The relative disposition between these elements, on the other hand, cannot be predicted, since it will be determined by the nature of the problem in question or by other considerations. For example, the nomogram of the two-variable function that relates degrees Celsius of temperature to Fahrenheit may consist of two properly located parallel scales. To use it, simply place a ruler perpendicular to the scale that contains the known data; the other will be at the point where the ruler cuts its corresponding scale.

But it is evident that the space that separates the two scales does not perform any special function, so it can be progressively reduced to the point of making it disappear and that both are confused into one, which will thus be labeled on both sides, being then immediate reading the result of the conversion.

Examples of nomogram

Spiral nomogram – the Cornu spiral.
Smith’s letter, reproduced at the beginning of the article, used in electronics and systems analysis.
reticulated – semilogarithmic, double logarithmic, probabilistic paper, all intended to represent various nonlinear functions as straight lines.
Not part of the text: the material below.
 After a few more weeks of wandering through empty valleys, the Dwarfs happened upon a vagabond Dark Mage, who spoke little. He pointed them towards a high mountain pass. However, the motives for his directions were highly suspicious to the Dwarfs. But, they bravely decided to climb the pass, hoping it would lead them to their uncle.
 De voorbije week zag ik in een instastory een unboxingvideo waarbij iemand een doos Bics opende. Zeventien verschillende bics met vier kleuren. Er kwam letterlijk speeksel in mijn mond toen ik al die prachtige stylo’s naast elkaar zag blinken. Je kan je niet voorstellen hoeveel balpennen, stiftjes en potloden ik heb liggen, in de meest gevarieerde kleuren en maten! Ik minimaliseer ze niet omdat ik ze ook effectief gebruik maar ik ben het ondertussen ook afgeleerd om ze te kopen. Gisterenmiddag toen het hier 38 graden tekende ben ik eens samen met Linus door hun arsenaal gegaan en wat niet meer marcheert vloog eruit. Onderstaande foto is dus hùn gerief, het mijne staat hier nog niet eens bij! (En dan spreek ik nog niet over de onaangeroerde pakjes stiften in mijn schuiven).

A useful graph To reduce the air volume measured in ATPS, the expression Air volume STPD – (Air volume ATPS), (Factor STPD) will be used. Note: STPD factor values start at 0.570 and so in progressive order up to 1,020 (example: 0.750)

Nomogram to calculate the skin surface

Nomogram to determine the STPD factor

History

The astrolabes , quadrants, and sectors of the late Middle Ages and the Renaissance (collectively called mathematical instruments) were already intended to solve practical mathematical problems graphically and mechanically. The invention of the Gunter scale in the 17th century was the first graphical representation of a function using a graduated scale and was essential to all subsequent developments. Another decisive step was Descartes’ invention of Analytical Geometry , which allows the graphical representation of any mathematical function by means of a curve.
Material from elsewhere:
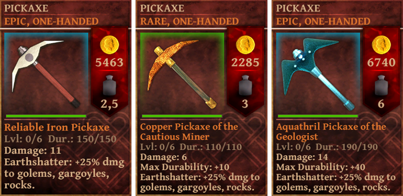 Since we are smashing rocks and mining ores in the game, lots of players wanted pickaxes. I thought there is no need to wait for a bigger update to implement these. So I made 6 pickaxes. Pickaxes has the “Earthshatter” trait, meaning they inflict 25% more damage to golems, gargoyles and rocks. They can be found everywhere in the world like normal weapons.

It was especially the military engineers and other public officials, in charge of regularly solving repetitive quantitative problems, who naturally showed greater interest in obtaining help for their task. Thus L. Pouchet published in 1797 a work titled Métrologie terrestre, which contains an appendix named Arithmétique linéaire containing the first systematic attempt to construct double-entry graphical tables.

In 1842 Léon Lalanne proposed the use of devices of this kind for the calculation of cuttings and embankments and in 1843 he formulated the principle of anamorphosis , which greatly facilitated the construction of these double-entry graphics, which he called abacus , by replacing the most of the lines curved by straight lines. J. Massau generalized this principle around 1880 .

Maurice d’Ocagne replaced in 1884 the squares and systems of curves by simple graduated scales, straight or curved, thanks to his conception of the isotope points. Later he systematized all these scattered methods into a definitive body of doctrine, which he called nomography .

Nomograms had a great development in the first three quarters of the 20th century , both in civil engineering and in the fields of chemistry , electrical, electronics and aeronautics . They were included in the manuals of the disciplines and in addition separate collections of them were published. Its limited precision, of two or three significant figures, instead restricts its use in fields such as astronomy or financial calculation, where accuracy is of paramount importance.

The refinement and popularization of calculators and electronic computers in the last quarter of the 20th century meant the practical disappearance of nomograms, greatly facilitating the complete carrying out of exact calculations that the operator would not even know how to propose on his own. Nomograms, however, still have the same usefulness as ever and present some specific advantages that were not unknown to their inventors, such as the synoptic capture of the range of values that the solution of a problem can adopt, the presentation of the structure of relations that occur between its parameters or the possibility of being used in almost any imaginable circumstance.